Link took them out, and suddenly, the Pirates of the Caribbean theme song, He's a Pirate, played out loud.

"Okay…. Maybe now she'll wake up." Saria said as Link yelled again.

"AUTHOR!" he yelled as Sam shot up.

"What? What about Davy Jones slamming into the door!?" she yelled as she rubbed her eyes.

"Morning already?" she asked.

"I don't know, we're in the Forest Temple, we can't see…" Link shrugged.

"Yeah, and your little sister was typing something about Beetle Juice while you were asleep." Saria told her.

"Ugh…" Author moaned as she snapped. Her entire equipment, except her laptop, disappeared.

"I was looking for inspiration, and I guess I fell asleep over the Caillou and Barney parody…" she yawned as she grabbed her laptop and smiled.

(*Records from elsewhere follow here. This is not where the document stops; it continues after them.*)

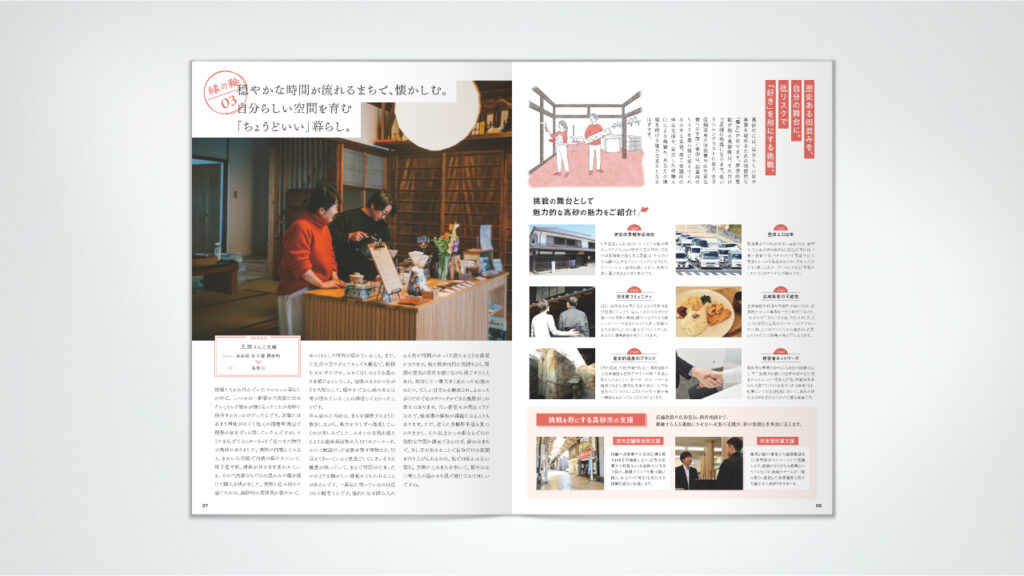 高砂市 移住・定住促進パンフレット「TAKASAGO MEETS」の企画・制作を担当しました。街の魅力を情報として並べるのではなく、「人」の視点から紐解くことで、暮らしの温度まで伝わるコンテンツを設計しました。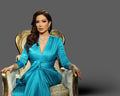 women's sleeves blue satin long dress featuring a knot on it's waist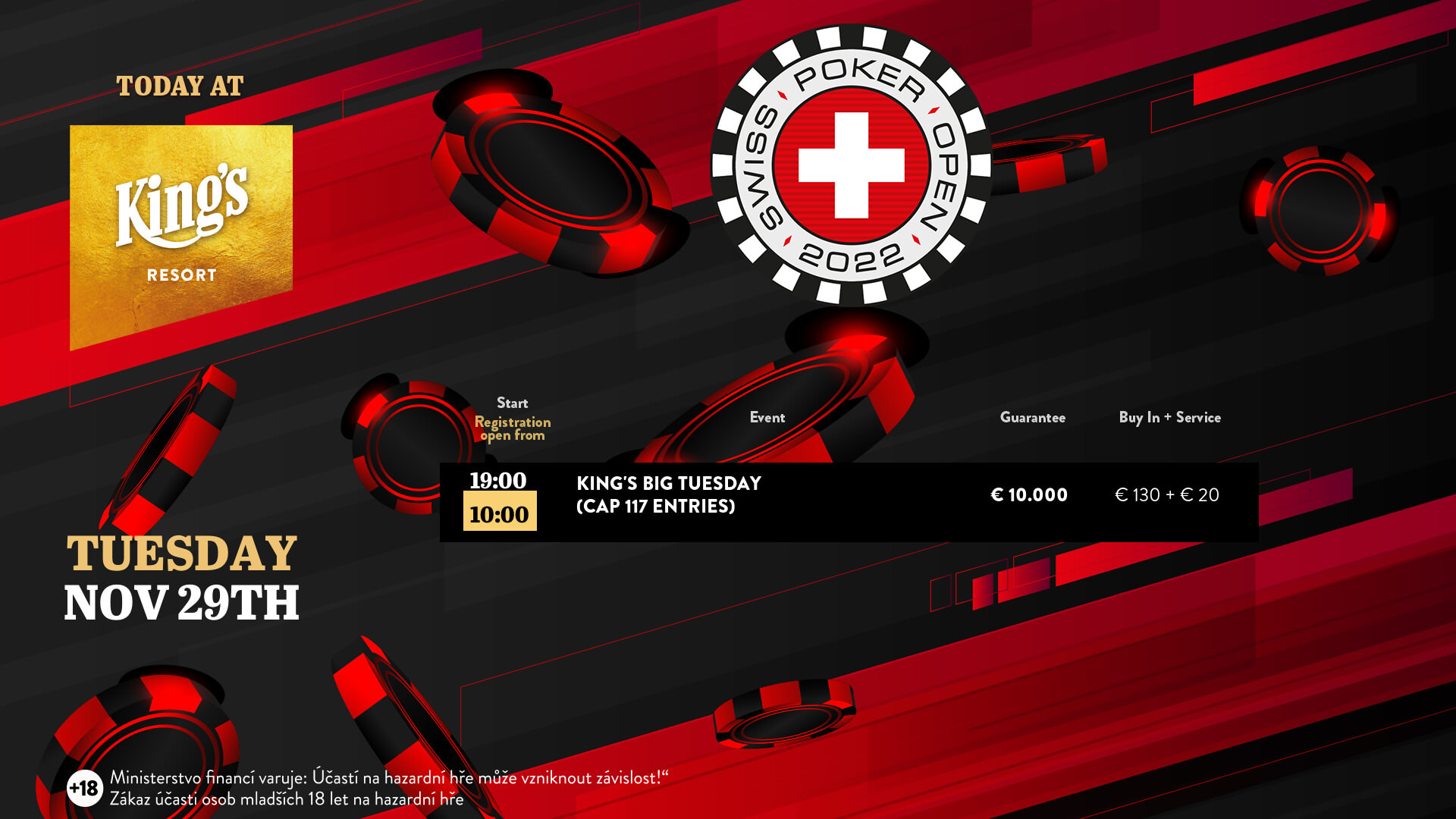 Heute steht im King’s als Vorbote der Swiss Poker Open das King’s Special Big Tuesday statt. Das Startgeld beträgt €130+20, €10.000 Preisgeld werden garantiert, los geht es um 19 Uhr.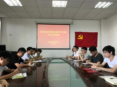 7月16日下午3点,航空航天学院本科生党支部在升华后楼6楼会议室召开关于巡视整改的专题组织生活会,就学生党员自身存在的问题展开批评和自我批评。航空航天学院党总支副书记邓栗,副院长杏建军出席会议,全体本科生党员参加了此次会议,会议由本科生党支部书记连选老师主持。

"Well, thanks for waking me up!" she smiled as she disappeared again.

"Okay…" Link muttered.

"Uh… Now what?" Saria blushed.

"Saria, can I finally say something?" Link asked her.

"Yeah, why not?" she blushed.

"Saria, I need to tell you…" he said, drawing close.

"Yes Link?" she blushed, getting even closer.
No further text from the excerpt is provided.